Хотя три четверти из того, что было написано Алексеем, бродит по свету, и многое исчезло, по-видимому, бесследно, всё же много и осталось.
Насчет ЦГАЛИ, странно мне являться и говорить: «Приобретите рукописи Козловского».
…Здесь моей поддержкой, ежедневно, ежечасно, является Ян Борисович. Все, что сделано, с великими трудностями и преодолением, – это его усилиями.
Галина Козловская – Людмиле Чудовой-Дельсон
16 декабря 1977
Милочка, дорогой, дорогой дружок!
Не сердитесь, что не написала с Николаем Николаевичем и не поблагодарила за «благодатные напитки». Спасибо, милая, они были очень кстати, т. к. у нас тут «ни кофиев, ни чаев» нет в помине, если не считать грузинскую дрянь.

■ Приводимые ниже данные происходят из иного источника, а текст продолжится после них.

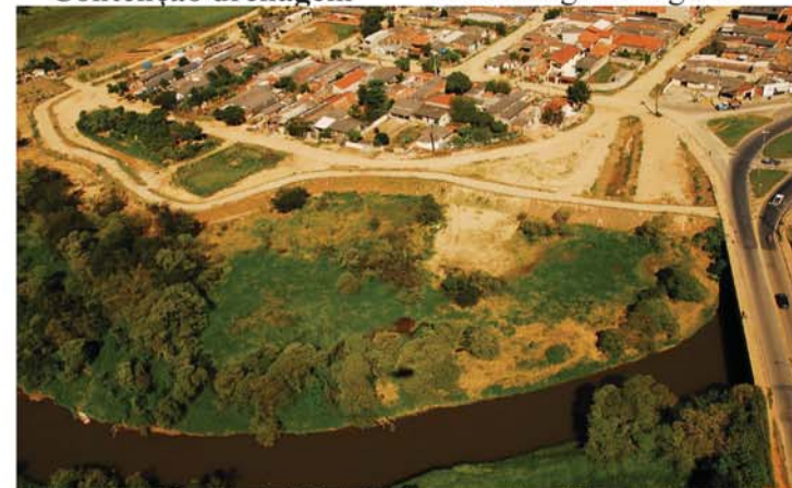
O dique de contenção do Vitória Régia preveniu muitos alagamentos.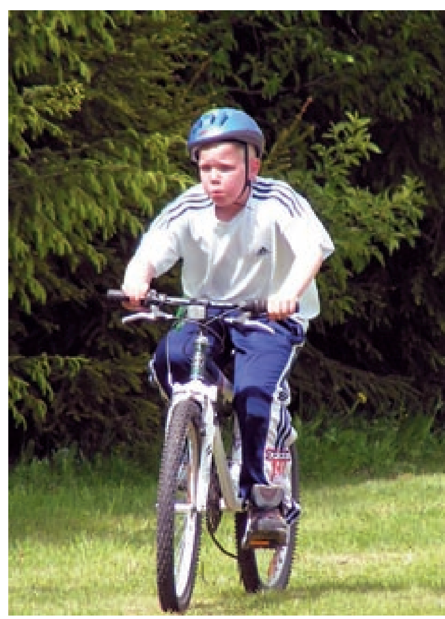
Noort spordilines annab rajal endast parima. KAS SEIDA TEED KA SINÄ?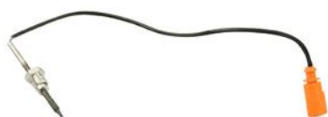
CZUJNIK TEMP SPALIN VW CRAFTER 06> FILTR DPF 2.0 TDI 11>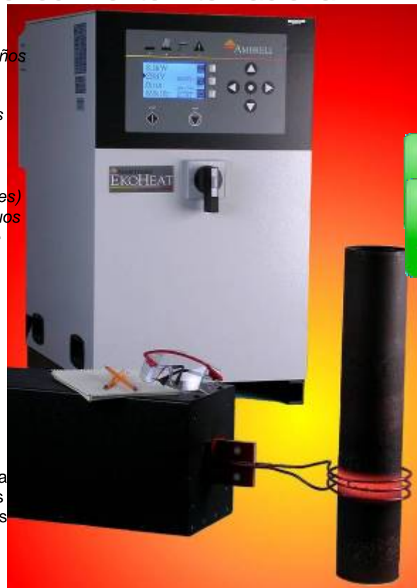
EKOHEAT lleva el distintivo CE y las instalaciones de fabricación están certificadas según la norma ISO 9001:2008

Los sistemas de calentamiento por inducción EKOHEAT para el rango de 50 a 150 kHz proporcionan soluciones confiables y repetibles para el calentamiento de alta velocidad de piezas pequeñas, donde el diseño de la pieza o el tamaño de la bobina exigen el uso de alta frecuencia para proporcionar un calentamiento eficaz. Entre sus muchas aplicaciones típicas están el tratamiento térmico de aceros, el endurecimiento de superficies de poca profundidad y el calentamiento de acero, aluminio, cobre o bronce para soldadura fuerte, ajuste por contracción, recuperación, moldeado y fusión.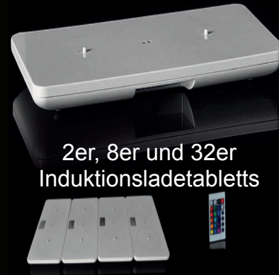
2er, 8er und 32er Induktionsladetablets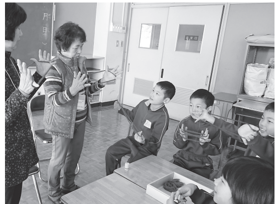
ボランティアさんからむかしあそびを教わる児童

初めて遊ぶ子どもたちもいるなか、ボランティアの皆さんがお手本を見せ、遊び方を学び、交流を深めてい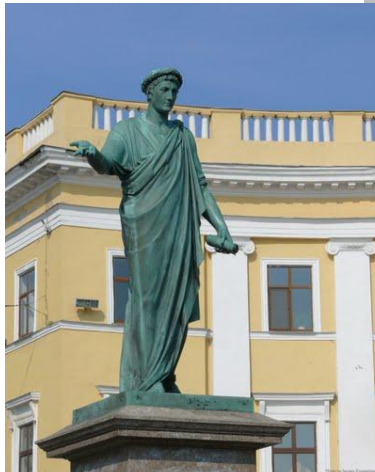
Пам'ятник герцогу де Рішельє в Одесі.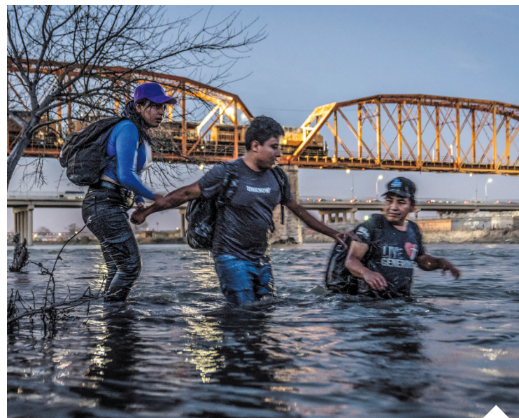
Nielegalna imigracja to nadal jedno z najpoważniejszych wyzwań dla bezpieczeństwa USA

Sąd przyznał, że były przypadki, w których tej procedury użyto do deportowania imigrantów, którzy nie powinni być w ten sposób potraktowani. Stwierdził jednak, że chociaż było to nielegalne, to winni temu byli funkcjonariusze służb imigracyjnych, którzy nieprawidłowo zastosowali prawo – i w żaden sposób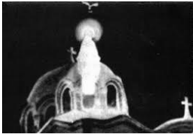
Apparition de Zeitoun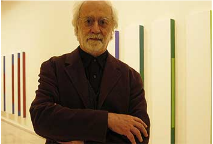
César Paternosto, ante una de sus obras expuesta en Segovia. A. M.

César Paternosto (La Plata, Argentina, 1931) se instaló en Nueva York en 1967. En su obra, fuertemente vinculada a la abstracción geométrica, hay una profunda evocación del silencio, y pretende invitar al espectador a detenerse y a hacer una especie de vacío, en el sentido positivo "de posibilitar el recogimiento en este momento de nuestra civilización, donde estamos aturdidos visualmente por la televisión o por la publicidad gráfica", explica. A partir de hoy, el Museo de Arte Contemporáneo Esteban Vicente, de Segovia, acoge una muestra de su obra de madurez.

Не написала с ним из-за расстройства чувств, которые он не одобрял, согласно железной мужской логике. А моя логика сердца всему наперекор – здравому смыслу и полному пониманию – сокрушает меня печалью. Для меня уход из дома рукописей – это второй вынос, на этот раз его души. Мне приходилось это от него скрывать: человек он славный, но на редкость обидчивый.
Простились мы с ним хорошо и славно дружили, пока он тут работал. Он был несколько разочарован, что основных рукописей – главных сочинений Алексея Федоровича – не оказалось в архиве. Удивительная вещь, что Козлик, такой тщательный мастер при написании своих партитур, бывал чаще всего крайне беспечен и непредусмотрителен, выпуская их в мир. Он почти никогда не делал копий, писал без черновиков и отдавал единственную свою рукопись при продаже ведомствам и издательствам. Поэтому три четверти из написанного им бродит по свету и проваливается в недра различных библиотек, где почему-то, как правило, пропадает.